Schumer says ‘critical access status’ for Medina hospital will result in $1.6 million

File photo by Tom Rivers: U.S. Sen. Charles Schumer speaks to reporters at a news conference on Nov. 19, 2020 outside Medina Memorial Hospital. That conference was about his push for increased Covid testing in Orleans County and other rural areas.

Posted 2 July 2022 at 10:17 am

Press Release, U.S. Senate Majority Leader Charles Schumer

U.S. Senate Majority Leader Charles E. Schumer announced that the Centers for Medicare and Medicaid Services (CMS) has heeded his call and proposed to reverse its previous rules change for the eligibility criteria for rural hospitals that put many Upstate New York hospitals at risk of losing their Critical Access Hospital (CAH) status.

Editor’s Note: That status will result in $1.6 million annually for Medina Memorial Hospital (Orleans Community Health), according to Schumer’s office.

The CAH program allows smaller rural providers, like those in the North Country and Southern Tier, with the designation to receive greater federal reimbursements for care to keep these otherwise financially vulnerable rural hospitals in the communities that need them most. Schumer explained that in 2015 the CMS issued a new policy change without going through the proper notice and rulemaking required by law that would enact more restrictive eligibility definitions for the CAH program, costing these rural hospitals millions.

Schumer immediately began leading the fight to maintain CAH status for Upstate’s rural hospitals, sending multiple letters highlighting the issue and the impact it would have on rural residents, and personally called HHS Secretary Xavier Becerra to fix this bureaucratic mistake that could cost thousands of rural family’s critical healthcare services.

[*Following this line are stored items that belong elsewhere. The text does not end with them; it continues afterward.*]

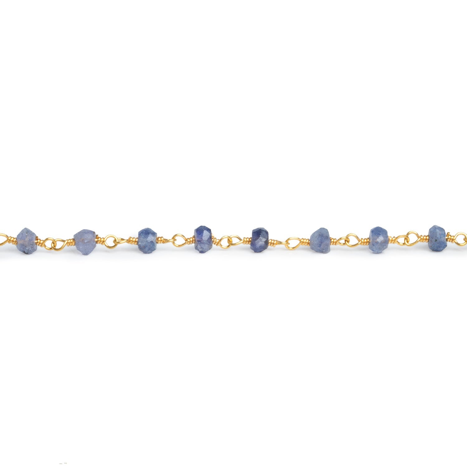 These Iolite Faceted Rondelle Beads are handwrapped with gold-plated copper wire, creating a stunning contrast between the cool, violet-blue hues of the iolite and the warm, lustrous shine of the gold chain. Each bead measures approximately 3mm in diameter, and there are 40 beads per foot, allowing for elegant drape and movement in any design. The faceted rondelle shape enhances the natural brilliance of the iolite, reflecting light with a subtle shimmer, while the gold chain provides a luxurious touch.
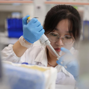 11月14日,在上海海洋大学的实验室内,王贺在做实验。
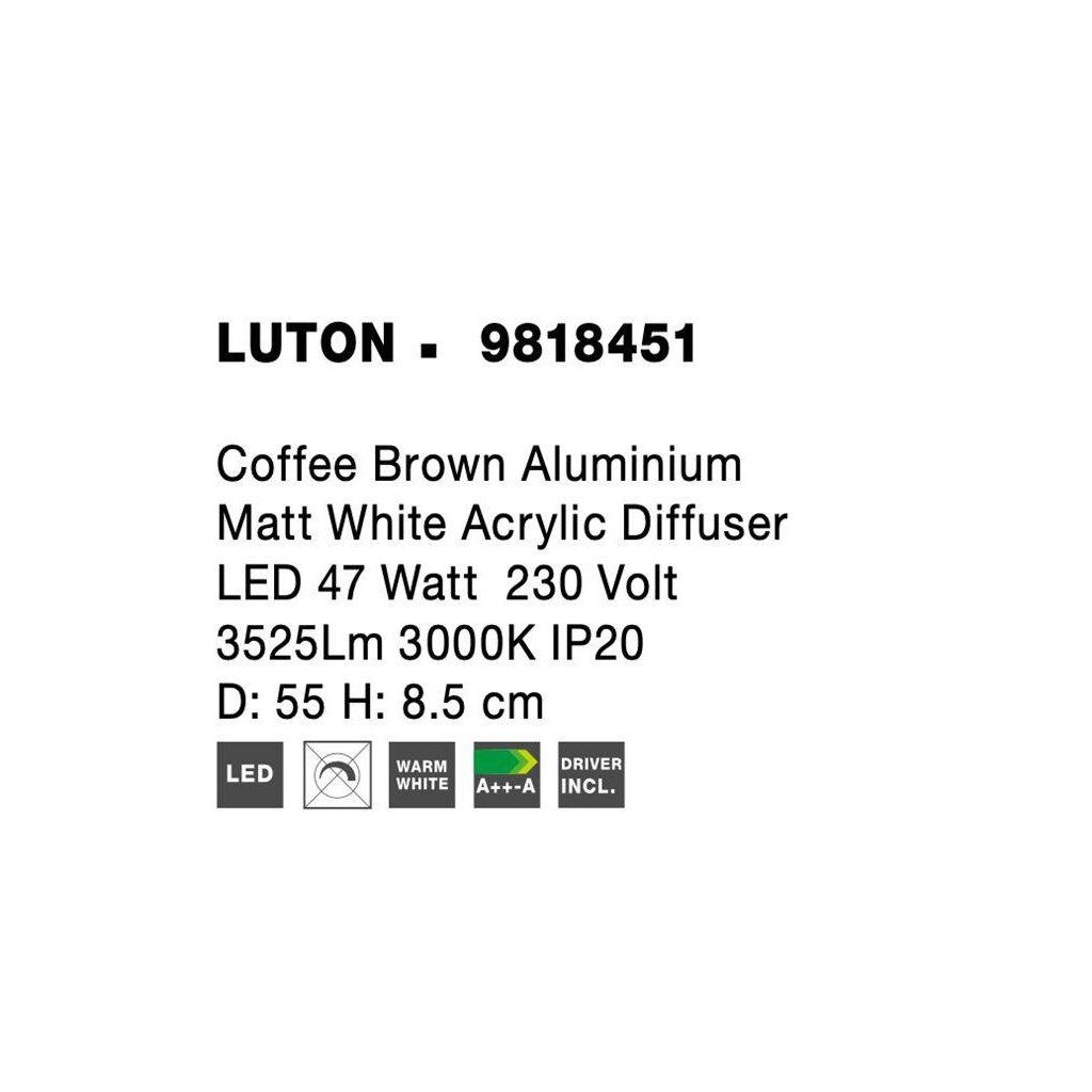 Stropní svítidlo LUTON kávově hnědý hliník matný bílý akrylový difuzor LED 47W 230V 3000K IP20 - NOVA LUCE

Thanks to Schumer’s advocacy, CMS has now proposed to reverse this disastrous policy and clarify the language that would have caused New York’s CAH’s to lose their status, saving hospitals millions and allowing them to maintain their presence in rural communities.

“I promised our rural hospitals that I would not stop fighting until these rules changes were fixed and their Critical Access Hospital designation was ensured,” said Senator Schumer. “Now I am proud to announce that rural communities from the North Country to the Southern Tier can breathe a sigh of relief as these essential healthcare providers will continues to receive the millions in federal reimbursements they need and deserve to keep saving lives.”

Schumer explained that the Critical Access Hospital (CAH) designation was created by the Balanced Budget Act of 1997 to give small rural healthcare providers greater financial reimbursement for servicing Medicare and Medicaid patients, as well as provide other resources, in order to keep vulnerable rural hospitals financially stable.

One factor for CAH eligibility requires that a hospital be a certain distance from another hospital by either a primary or secondary road and provide around-the-clock emergency services. Previously, CMS regulations stated that a CAH hospital must be at least 35 miles from the nearest hospital by “primary road,” defined as any road in an interstate system or a US-numbered highway, or at least 15 miles in areas with mountainous terrain or only “secondary roads.” defined to include single lane state routes.

In 2015, however, CMS issued a memo that changed the definition of primary road to include any road that is in the National Highway System, which would include single lane NYS routes. This significant expansion to language and more restrictive definition of “primary road” if enforced would have led to dozens of CAHs in multiple states, including at least nine in New York, to lose their CAH status and hundreds of millions of dollars of needed funding to keep them in business serving rural patients.

Specifically, if this change were to have been fully enacted and enforced, it would cost Upstate New York hospitals over $35 million a year.

Some of the impacted New York hospitals would have included: Carthage Area Hospital, $9.7 million; Community Memorial Hospital, $4.1 million; Ellenville Regional Hospital, $4.7 million; Gouverneur Hospital, $3.3 million; Lewis County General Hospital, $5.3 million; Margaretville Hospital, $2.4 million; O’Connor Hospital, $3 million; Medina Memorial, $1.6 million; and Soldiers and Sailors Memorial Hospital, $1.4 million.